フォザリアがそういうと、ルカルナは二階に駆け上がると、扉の半分ぐらいの大きさの黒板を持って戻ってきた。


「これを使え」

「いいんですか?ルカルナ様が何かに使おうと思って持ってきていたんじゃないんですか?」


「別になくてもかまわない。それより、お前の予定を書き込んでおいてくれるか、行先を書いて出かけてくれるとイライラしなくて済むしな」


「わかりました。ではルーカスやビゴーラさんとリアムスさんも前もって分かっている予定があったり、予定が入ったら、口頭で言う以外にもこれに書き込むようにしてくださいね」


「わかった。
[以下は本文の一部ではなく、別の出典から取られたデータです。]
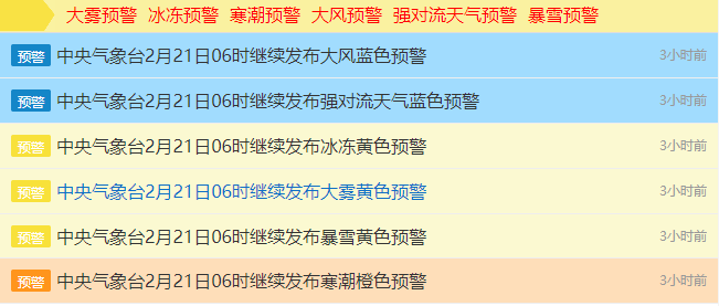 是的,在21日早上6时,中央气象台继续发布6项天气预警,其中包括寒潮橙色预警、暴雪黄色预警和冰冻黄色预警。
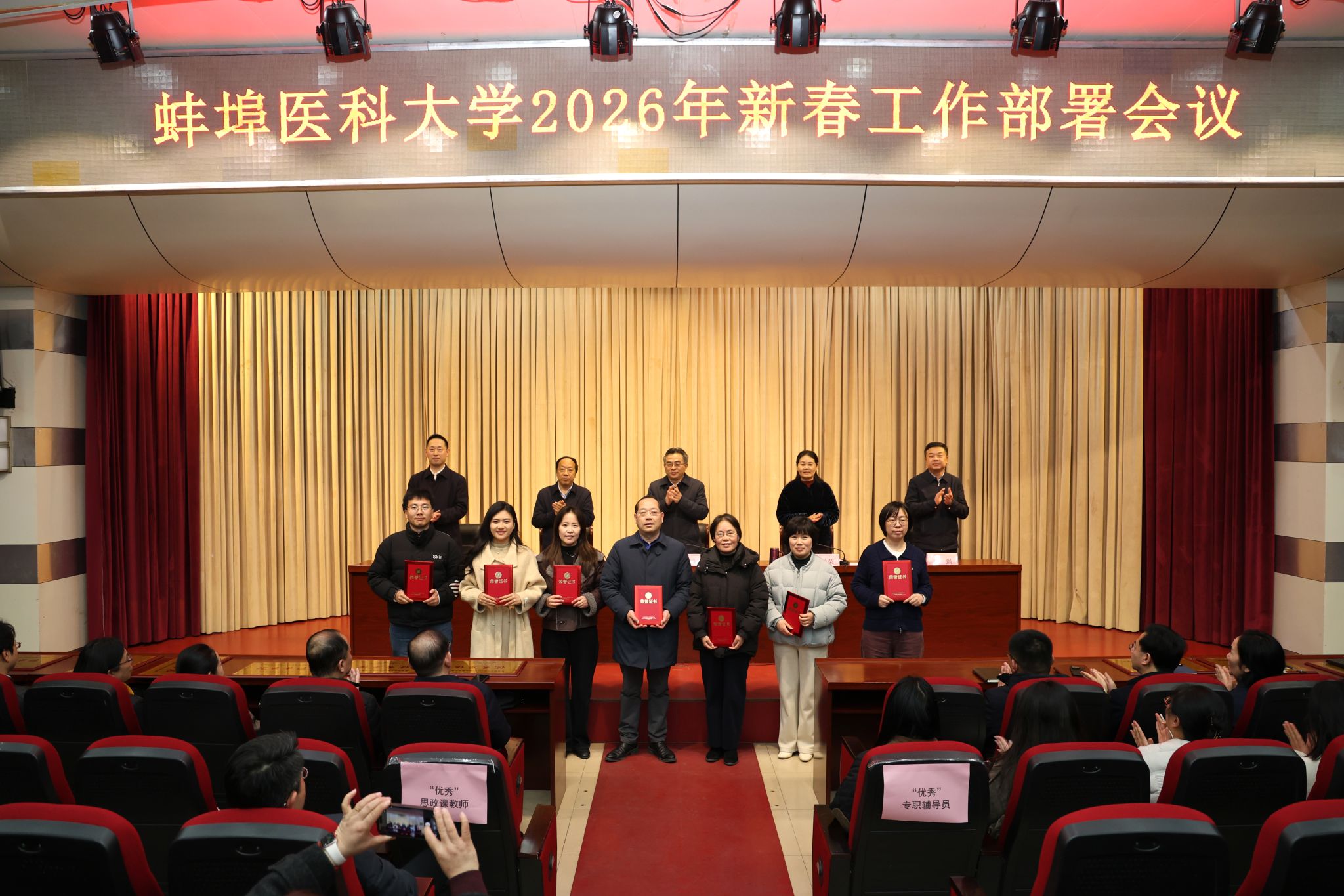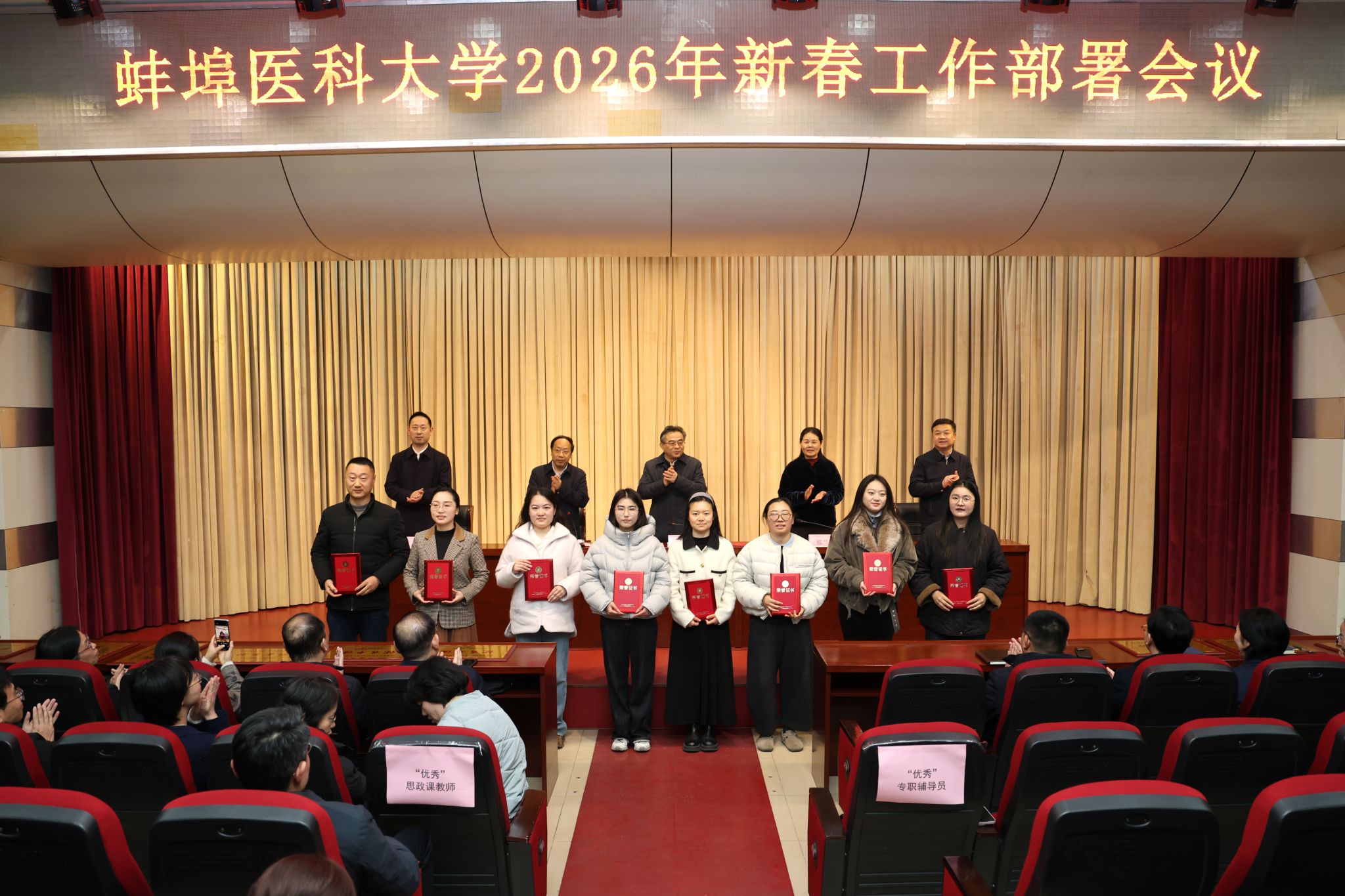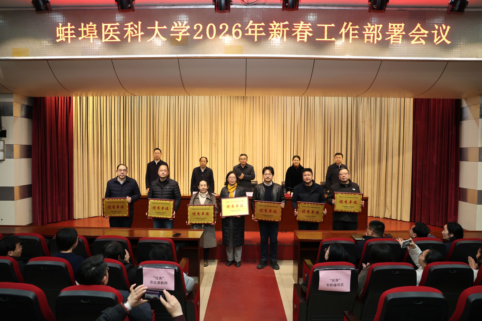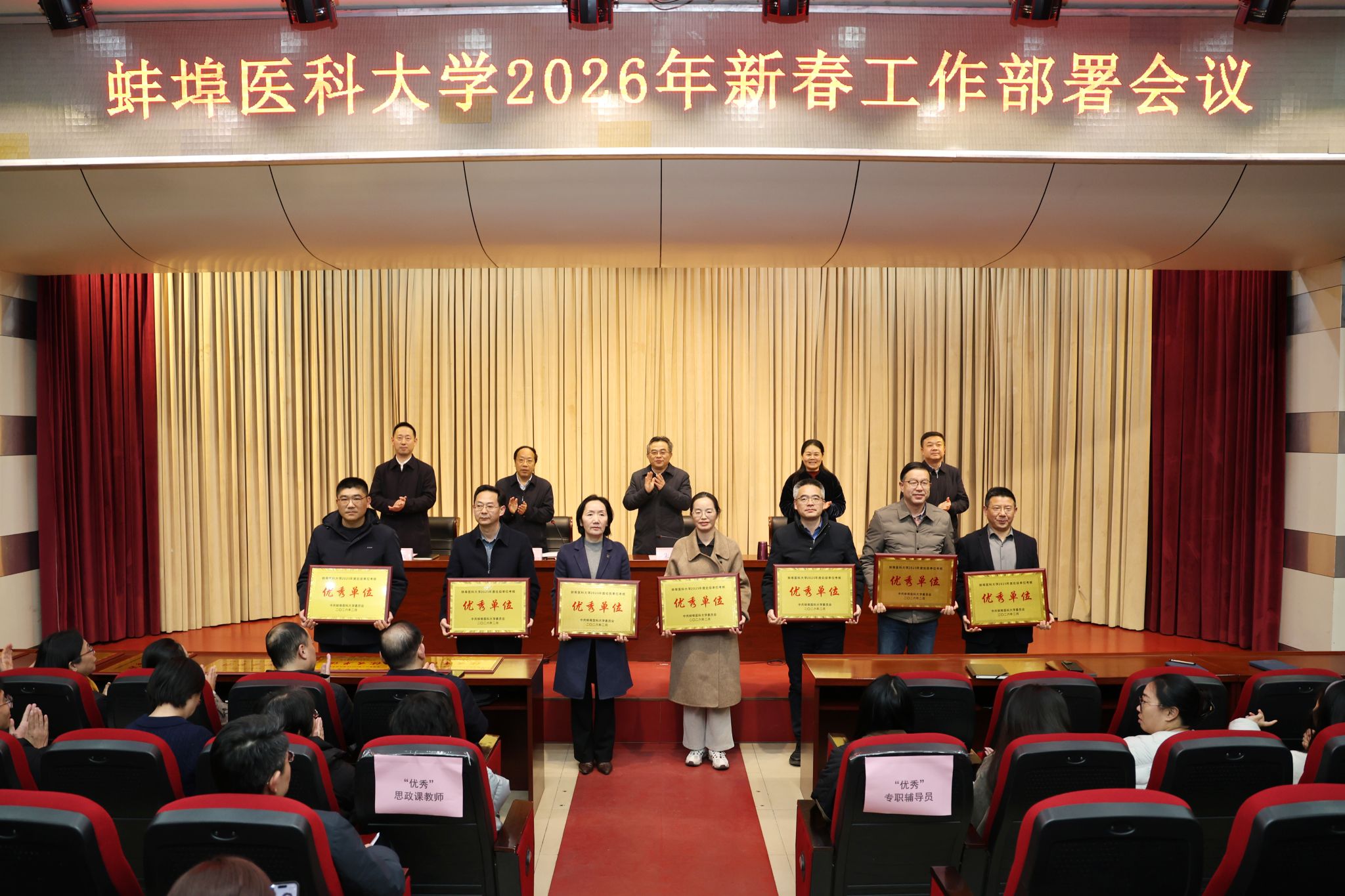 会议对获得考核优秀的14个处级单位、8名专职辅导员、7名思政课教师进行表彰,营造了对标先进、比学赶超的良好氛围。

じゃあこれは台所の壁に掛けるようにしましょう。あそこならみんな食べる時に必ず入るから」


フォザリアの提案にみんな了承した。


その後昼食を食べることにした。

昼食を食べながらルカルナがフォザリアに言った。


「おい、ビゴーラやリアムスはさんづけなのに、どうして僕には呼び捨てなんだ!」


「あらそうですね。じゃあルーカスさんって呼ぶようにしましょうか?」


フォザリアがそう言いながらルーカスさんと何度も言うと、ルカルナの方が先に折れて訂正した。


「気色悪いから止めてくれ、呼び捨てで構わない」


「よかった・・・私も呼んでいてなんだか違和感があったんですよね。やっぱりルーカスはルーカスと呼び捨ての方がしっくりくるもん」


満足そうにパンを食べながらスープをおいしそうにすすっているフォザリアを見ながらビゴーラとリアムスは笑いをこらえるのに必死のようだった。